## 1. Install Packages

Packages contain pre-defined functions. They are needed for GD to run properly

In [None]:
%pip install torch 
%pip install torchvision
%pip install requests
%pip install supervision
%pip install transformers
%pip install addict
%pip install yapf
%pip install timm
%pip install numpy
%pip install opencv-python
%pip install supervision
%pip install cython
%pip install pycocotools

## 2. Cloning Grounding Dino
GD is currently published online in a *repo*, a platform publicly hosting code. We will clone it into the machine so we can use it freely. 

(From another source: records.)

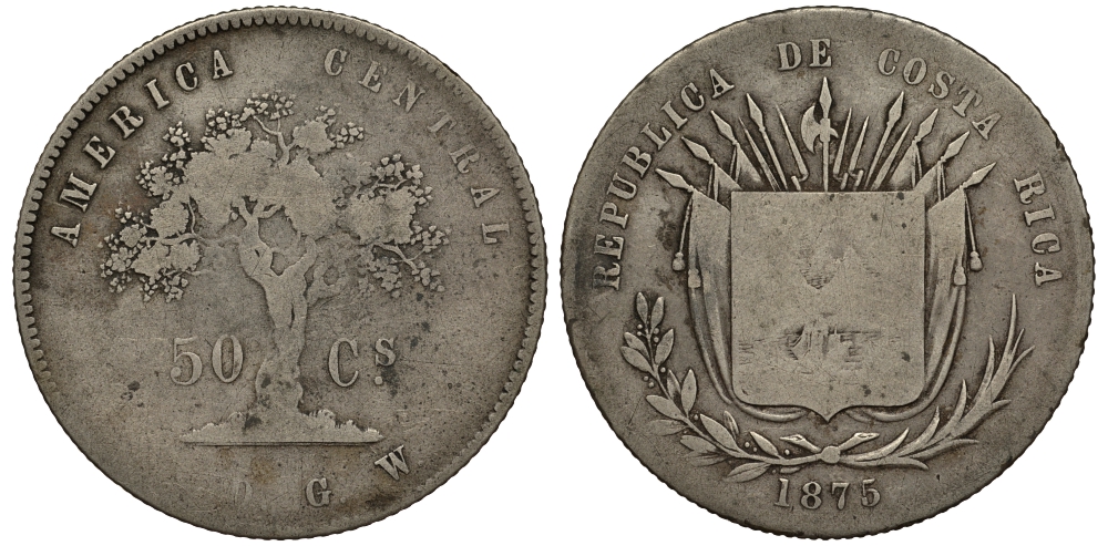 Коста-Рика 50 сентимо 1875 KM 112 серебро 272-632
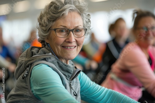 An elderly woman with gray hair and glasses, dressed in cozy blue activewear, is cycling at a gym, reflecting healthy aging and a lively fitness atmosphere.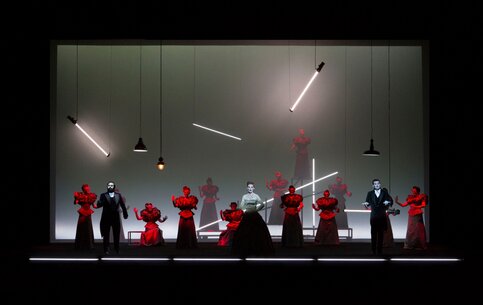 "Я неоднократно работал над этой партитурой, и каждый раз нахожу в ней новые смыслы, – цитирует TheatreHD дирижера-постановщика Теодора Курентзиса. – В этот раз мы поставили себе задачей добиться аутентичности в прямом смысле этого слова: очистить музыку от слоя интерпретаций, избавиться от представлений, навязанных нам традициями и восстановить оперу такой, как ее видел Верди. А он был очень щепетилен во всем: от нюансов партитуры до подбора солистов. Источников множество: и письма композитора, и материалы о премьере, о ее подготовке. Эта цель перекликается с подходом режиссера Боба Уилсона: он тоже трактует спектакли вопреки сложившимся традициям оперы середины XX века".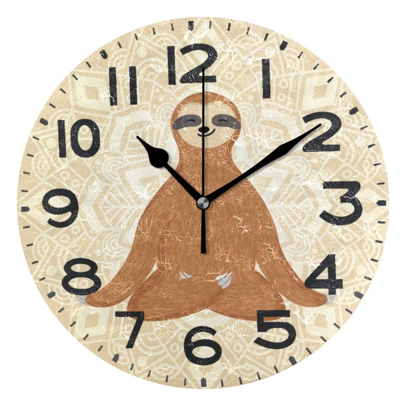 Naanle Cute Cartoon Sloth Sitting in Yoga Lotus Pose and Relaxing Round Wall Clock Decorative, 9.5 Inch Battery Operated Quartz Analog Quiet Desk Clock for Home,Office,School(Brown)

In this cell, we import the `os` library, which allows us to interact with the operating system. We then use `os.getcwd()` to get the current working directory, which will be stored in a variable named `projectdir`. Finally, we print the value of `projectdir` to verify the current directory.

In [None]:
import os
projectdir = os.getcwd()
projectdir

 We import the `torch` library for deep learning and the `requests` library for downloading files from the internet. We also clone the GroundingDINO repository from GitHub, which contains the code we'll be using in this workshop.

In [None]:
import torch
import requests

# Clone the repository
os.system("git clone https://github.com/IDEA-Research/GroundingDINO.git")

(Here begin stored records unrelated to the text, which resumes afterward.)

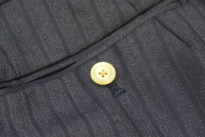 シャドーストライプ柄がお洒落なnavyのゼニア「エレクタ」スーツお仕上り品でございます。さて今回はivory whiteの裏地とボタンをコーディネートされておりますね。素敵でございます。上質な大人の一着がお仕立て上がりました。
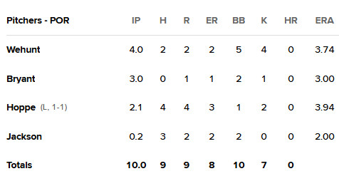 Relievers Alex Hoppe and Gabriel Jackson got hit around a bit in the extra frame, which gave Chesapeake (BAL) the 9-4 win.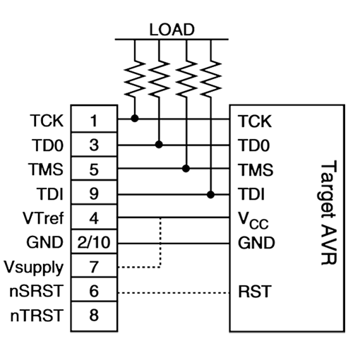 AVR JTAG is a complete set of the JTAG interface-based on-chip debugging tools for Atmel’s AVR Studio + iccavr, or WINAVR, support all AVR 8-bit RISC instruction with a JTAG port microprocessor. JTAG interface is a 4-wire test access port (TAP) controller that comply with the IEEE 1149.1 standard. IEEE standards to provide an effective test of the circuit board connection standard methods (boundary scan).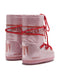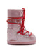 Kids' pink snow boots with glitter, water-repellent, drawstring at top, thermoplastic rubber tread sole and multisided foam lining. It is inspired by the 1969 lunar landing, the inimitable Icon riffs on high-technology astronaut gear.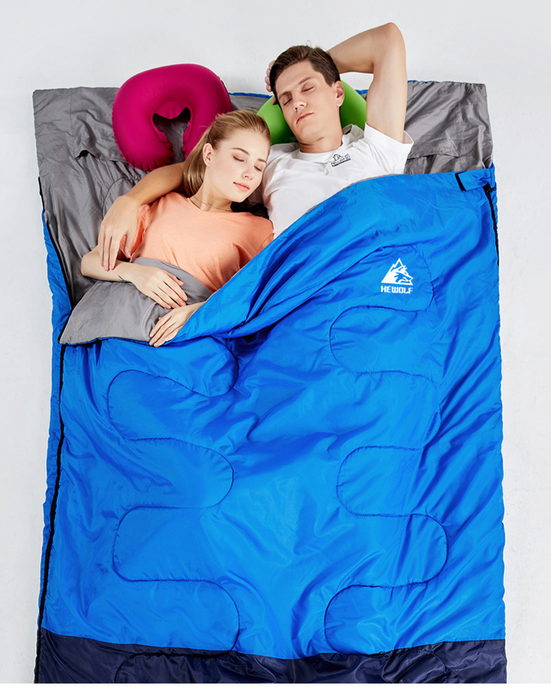 남성 늑대 야외 캠핑 성인 침낭 가을, 겨울 두꺼운 방한 실내 사무실 점심 시간 캠핑 더블 침낭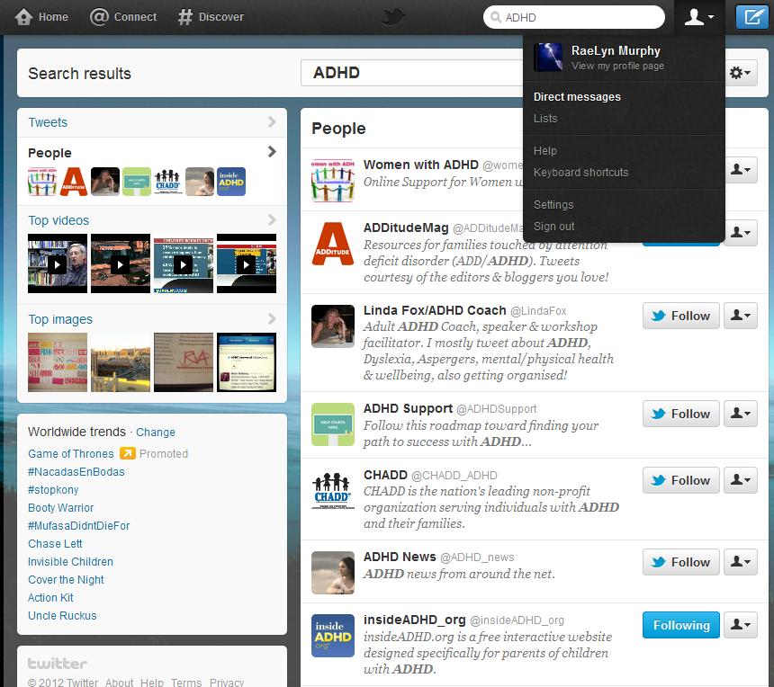 To make a list, go to the drop down menu next to your head symbol at the upper right side of the page. Below your name it says "View my Profile," "Direct Messages," and "Lists". Click on "Lists."

##  3. Download Weight File
When a machine learning model is trained, the information it has learnt is saved as a **model**. 
Here, we will be downloading an already-existing weight file so that our model knows how to identify objects from the get go!

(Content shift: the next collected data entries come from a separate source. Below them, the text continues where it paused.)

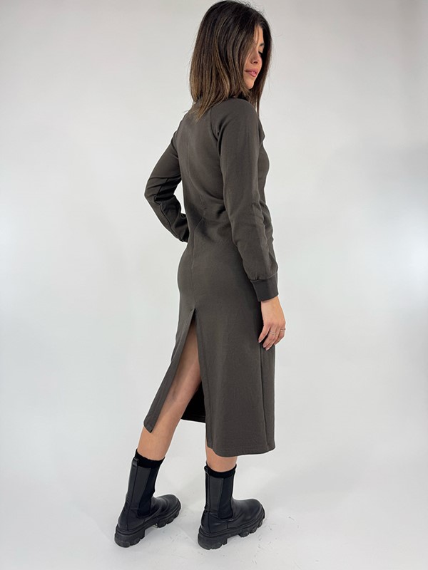 Abito in felpa strass a girocollo. Modello sotto al ginocchio, leggermente aderente, in tessuto doppiato, morbidissimo sulla pelle, non felpato e non garzato. Sulla parte dietro presenta un ampio spacco centrale. Larghezza seno 44 cm, lunghezza dlla spalla 115 cm. Composizione: 90% cotone 5% poliestere 5% elastan. Made in Italy.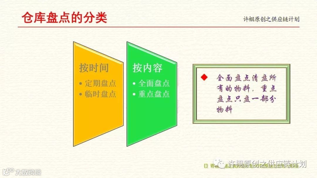 仓库盘点可从时间跨度、盘点内容和盘点作用三个维度进行分类。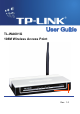 TL-WA601G 1.4 108M Wireless Access Point User Guide Conventions The AP or TL-WA601G, or device mentioned in this User guide stands for TL-WA601G 108M Wireless Access Point without any explanations. Parameters provided in the pictures are just references for setting up the product, which may differ from the actual situation. You can set the parameters according to your demand.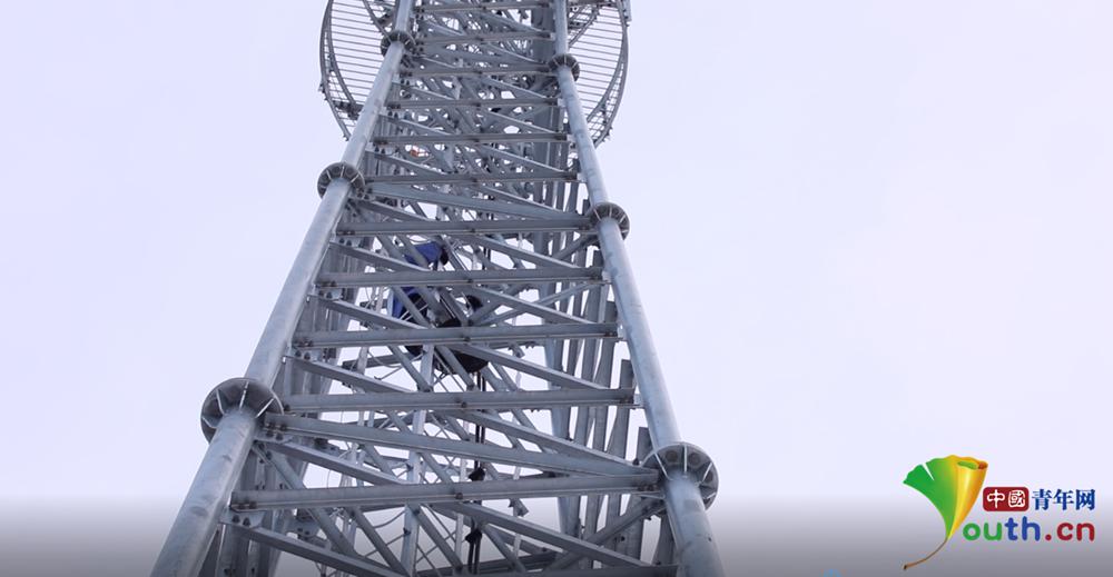 牡丹江電務(wù)段高鐵通信工們正在攀塔。視頻截圖

In this cell, we create a directory called `weights` to store the weight file for our model. We then change our working directory to `weights` and download the weight file from a specified URL using the `requests` library. If the download is successful, we save the file in the `weights` directory and print a confirmation message. Otherwise, we print an error message.


In [None]:
# Create a directory for weights
weights_dir = os.path.join(projectdir,"weights")
os.makedirs(weights_dir, exist_ok=True)

# Change directory to the weights directory
os.chdir(weights_dir)
# Download the weight file
weight_url = "https://github.com/IDEA-Research/GroundingDINO/releases/download/v0.1.0-alpha/groundingdino_swint_ogc.pth"
weight_filename = os.path.basename(weight_url)
weight_filepath = os.path.join(weights_dir, weight_filename)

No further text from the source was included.